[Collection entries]
== == ==

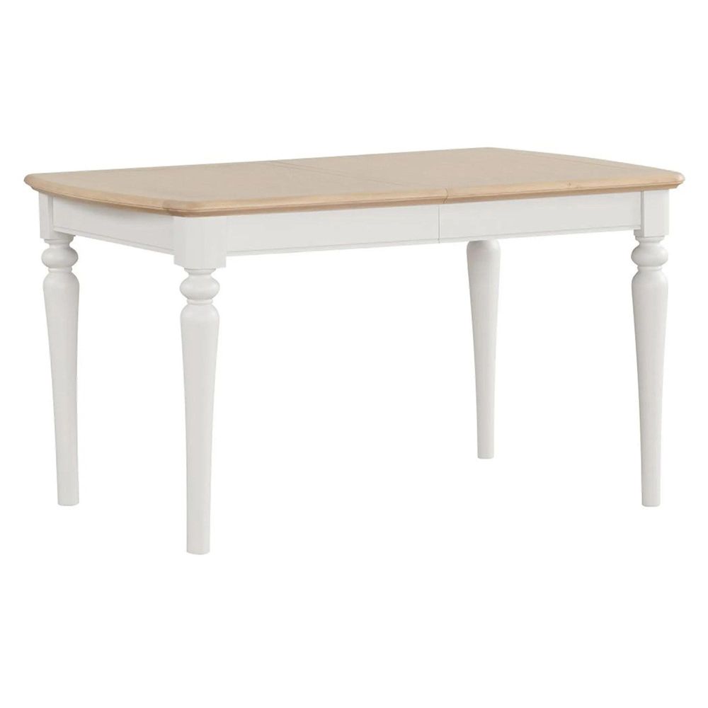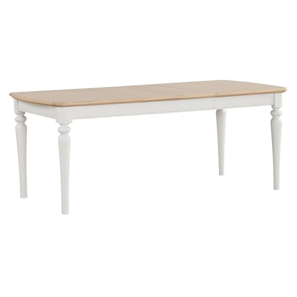 Ideal for everyday dining and special gatherings, this beautifully crafted extending table features a solid oak top, classic turned legs, and a smooth painted finish perfect for modern country homes. The innovative pull out leg design extends the legs outward, increasing the table size from 160cm to 196cm while providing generous legroom?so no one has a table leg between their legs. Two extension leaves are cleverly stored inside the table when not in use, offering seamless flexibility without sacrificing style or comfort ideal for flexible family living with a refined country twist.
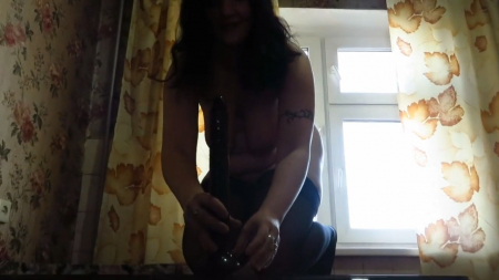 Телочка "в теле" приклеивает к стулу резиновый член. Девушка скидывает с себя халатик и остается в черных чулках. Она начинает насаживаться на тонкий член вагиной и стонать. Но телка любит не только трахать себя в вагину, но еще и в попку. А для анала чикуля приготовила резиновый член, но потолще.
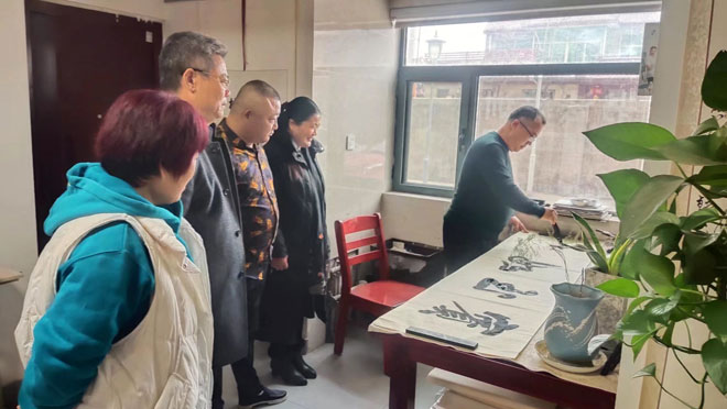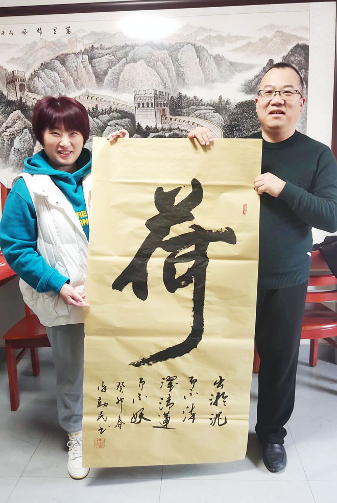 徐勤民的行书如行云流水,洋洋洒洒,一气呵成,其隶书力透纸背、俯仰互关,端庄稳健,字如其人,书若心爽。当天,他欣然为各位现场创作,书墨润友,情寄春光!
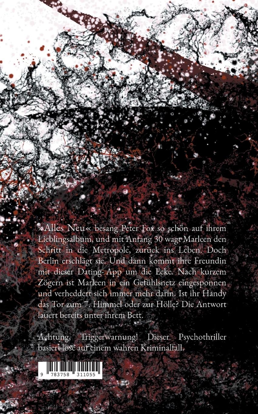 'Alles Neu' besang Peter Fox so schön auf ihrem Lieblingsalbum, und mit Anfang 30 wagt Marleen den Schritt in die Metropole, zurück ins Leben. Doch Berlin erschlägt sie. Und dann kommt ihre Freundin mit dieser Dating-App um die Ecke. Nach kurzem Zögern ist Marleen in ein Gefühlsnetz eingesponnen und verheddert sich immer mehr darin. Ist ihr Handy das Tor zum 7. Himmel oder zur Hölle? Die Antwort lauert bereits unter ihrem Bett. Achtung, Triggerwarnung! Dieser Psychothriller basiert lose auf einem wahren Kriminalfall.
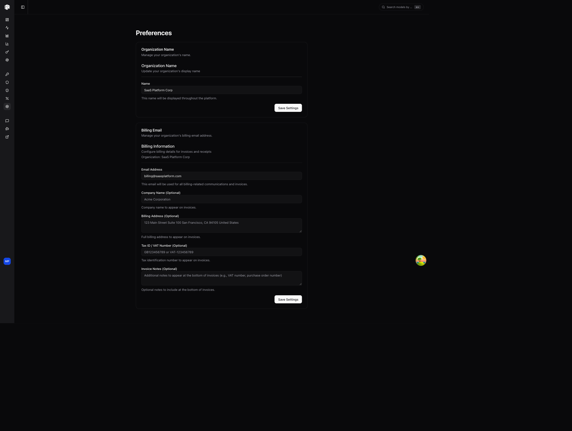 Update your organization's display name. This name appears throughout the dashboard and in billing communications.
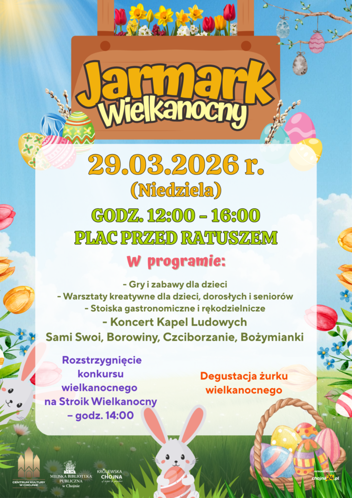 W niedzielę 29 marca 2026 roku na placu przed Ratuszem w Chojnie odbędzie się Jarmark Wielkanocny. Wydarzenie zaplanowano w godzinach od 12:00 do 16:00. Organizatorzy przewidzieli udostępnienie przestrzeni dla wystawców oferujących rękodzieło, dekoracje świąteczne oraz produkty spożywcze charakterystyczne dla regionu. Impreza ma charakter otwarty i jest skierowana do mieszkańców miasta oraz przyjezdnych gości poszukujących tradycyjnych wyrobów wielkanocnych.
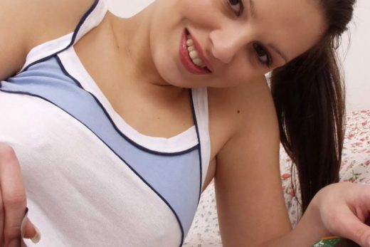Blonde cutie Elle M exposes her tiny tits and poses in hot black stockings
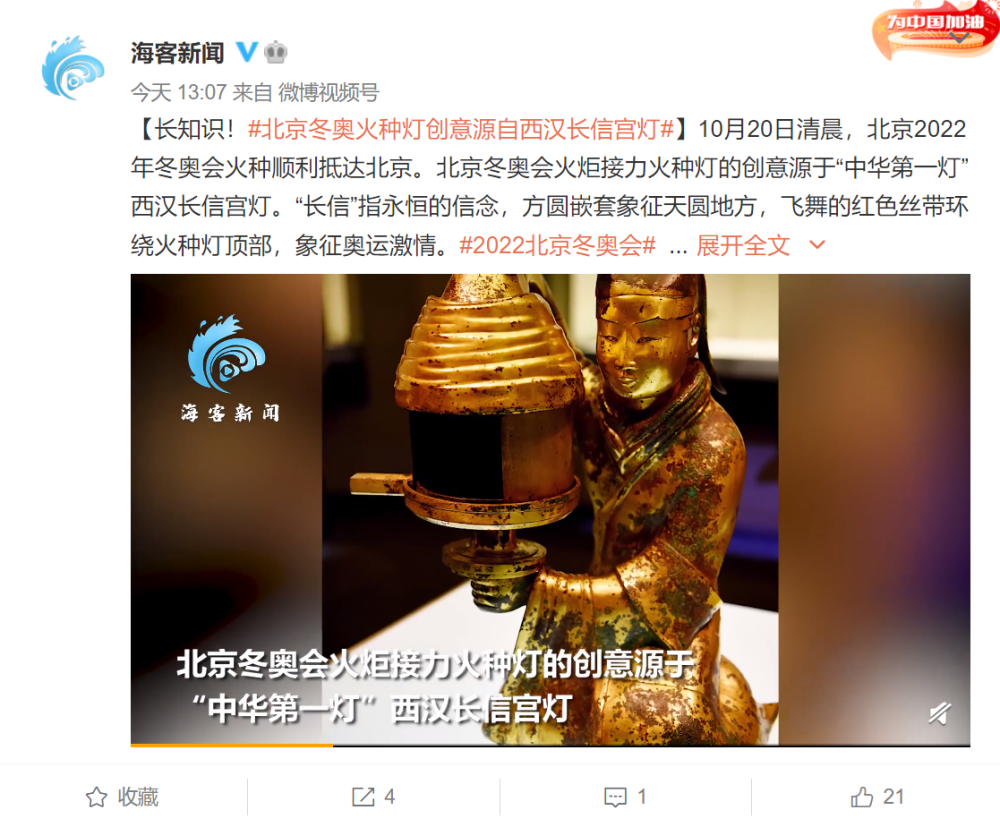 2022年北京冬奥会上的火炬接力火种灯的设计创意,就借鉴吸收了西汉长信宫灯的文化元素,长信宫灯是河北博物院馆藏的国宝,美好寓意更是助力冬奥。

== == ==

▸ **TASK REQUIREMENTS**
Begin at the first line of the entries and stop after the line holding "徐勤民的行书如行云流水,洋洋"; repeat those lines exactly, but not the pictures.

▸ **WORKED SOLUTION**
 Ideal for everyday dining and special gatherings, this beautifully crafted extending table features a solid oak top, classic turned legs, and a smooth painted finish perfect for modern country homes. The innovative pull out leg design extends the legs outward, increasing the table size from 160cm to 196cm while providing generous legroom?so no one has a table leg between their legs. Two extension leaves are cleverly stored inside the table when not in use, offering seamless flexibility without sacrificing style or comfort ideal for flexible family living with a refined country twist.
 Телочка "в теле" приклеивает к стулу резиновый член. Девушка скидывает с себя халатик и остается в черных чулках. Она начинает насаживаться на тонкий член вагиной и стонать. Но телка любит не только трахать себя в вагину, но еще и в попку. А для анала чикуля приготовила резиновый член, но потолще.
 徐勤民的行书如行云流水,洋洋洒洒,一气呵成,其隶书力透纸背、俯仰互关,端庄稳健,字如其人,书若心爽。当天,他欣然为各位现场创作,书墨润友,情寄春光!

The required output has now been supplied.